Примечание
Бессмертные — это раса людей, которые в ходе некоторых исторических происшествий обрели такие способности как: долголетие, ускоренная регенерация, высокие физические показатели.
У бессмертных есть ответвление - охотники. Они произошли от собак, поэтому их жизнь балансировка на грани человеческого и животного. Могут рождаться у простых бессмертных, если один из партнёров - охотник.
Возраст бессмертного нужно делить на пять. Так Ланзо и Миру — 85-86, значит по-человечески - только 17.
Так же у бессмертных феномен "вавилонского диалекта". Они понимают все человеческие языки в любой форме, так же их может понять представитель любой национальности.
Ланзо пощурился, когда луч утопающего за крышами солнца ярко отскочил от соседних окон. Рыжий немец без удовольствия отметил, что время близилось к ночи. Обернувшись, зло свёл темные брови к переносице: ужин остывал. «Он обещал сегодня прийти домой!» — Ланзо прикрыл чугунную сковороду крышкой, накинув полотенце, чтобы хоть как-то удержать тепло еды. Готовил он не бог весть как, но жаренная картошка с русскими «шкварками» у него выходила неплохо. Вкусно даже. От того ещё злее было на душе немца: он же тоже устает!
Конечно, частные уроки дочери княгини не так физически выматывают, как смена на литейном заводе, но всё же! Его русский друг уже неделю предавался запоям с сомнительной компанией. «Большевики», слово-то ещё какое. Ланзо краем уха слышал о их деятельности: типичная политическая свора, которая о делах государственных только по своему уму судит. Не нравились они аристократическому потомку немецкой родословной.

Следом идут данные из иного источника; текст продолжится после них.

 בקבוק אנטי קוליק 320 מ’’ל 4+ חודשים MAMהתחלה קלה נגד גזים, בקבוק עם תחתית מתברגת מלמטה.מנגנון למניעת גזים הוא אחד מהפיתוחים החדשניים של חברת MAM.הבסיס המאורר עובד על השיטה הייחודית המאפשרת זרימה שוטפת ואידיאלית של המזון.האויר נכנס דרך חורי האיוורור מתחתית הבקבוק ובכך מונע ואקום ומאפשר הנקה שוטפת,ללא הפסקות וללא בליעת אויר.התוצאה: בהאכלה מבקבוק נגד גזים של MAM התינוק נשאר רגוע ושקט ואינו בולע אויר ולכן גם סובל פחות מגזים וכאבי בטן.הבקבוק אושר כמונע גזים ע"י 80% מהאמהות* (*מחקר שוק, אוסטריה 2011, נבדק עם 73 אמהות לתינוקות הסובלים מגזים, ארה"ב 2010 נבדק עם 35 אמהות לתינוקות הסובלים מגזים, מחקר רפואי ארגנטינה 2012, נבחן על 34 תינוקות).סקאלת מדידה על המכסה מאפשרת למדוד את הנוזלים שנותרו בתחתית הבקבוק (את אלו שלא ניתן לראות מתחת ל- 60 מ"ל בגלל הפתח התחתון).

А вот Мирослав, который всю жизнь ведомый и тащимый, охотно уши развешивал. «Кретин», — коротко и лаконично охарактеризовал его личность Ланзо, стягивая рубашку. Он ненадолго взглянул в зеркало, покрытое кляксами потёртости. Удивлённо пригладил рыжие пряди, которые кончиками уже доходили до крестца. Ему казалось, ещё вчера был тощим и нескладным отроком, а вот уже и ноги, и руки крепкие, лицо не такое трогательно милое. Очень сложно обращать внимание на течение времени, когда ты бессмертный. Но сейчас Ланзо поймал себя на том, что достиг того возраста, когда не зазорно даму под венец звать. Только он и не целовался ни разу, да и прекрасные красавицы его не волновали. «Во всём я чудной, нелепый», — с грустью подумалось ему. Оставшись в исподнем, с досадной отметил, что не растёт благородная мужская поросль. Вот Мирослав уже порой медведя напоминал. Или чёрного несносного барана.

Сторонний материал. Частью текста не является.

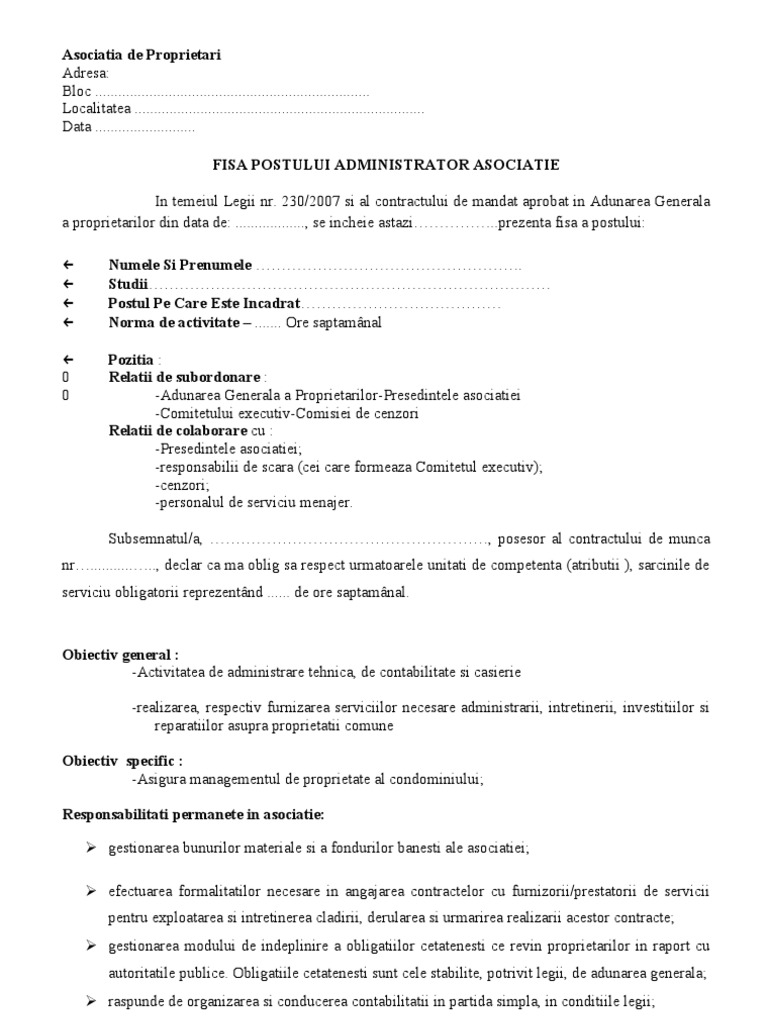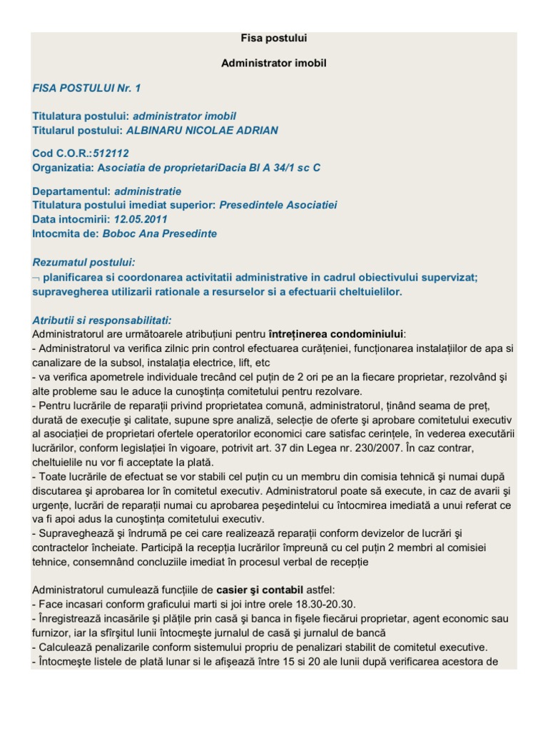 515104 administrator fisa postului fise de post fisa post regulament de ordine interioara. Fisa postului administrator de bloc author. Numai daca este cazul 7. Numele si prenumele salariatului.

«Эка у меня борода отросла! Всем женихам жених!», — любил он нахваливать себя по утрам. Ланзо тактично молчал, зная, что у того болезненное отношение к своей внешности. Пускай хвалится, если так душе радостнее будет. Хотя Ланзо и без лукавства думал: красив. В нём каким-то образом сочетались восточная буйность, европейская ладность и славянское очарование. Зависть порой одолевала более блеклого немца. Он выглядел как кто угодно, но не прекрасный аристократ. Рыжий, курносый. Глаза тёмные какие-то, вечно влажные, как у оленя. Не мудрено, что на заводе мужики его постоянно донимали. Ещё и прозвище ему дурацкое Мир дал: Барсик. Как ни силился, Ланзо его отучить не мог. Хоть тресни — «Барсик» и «Барсик»! Как он только этого несносного недоросля терпит?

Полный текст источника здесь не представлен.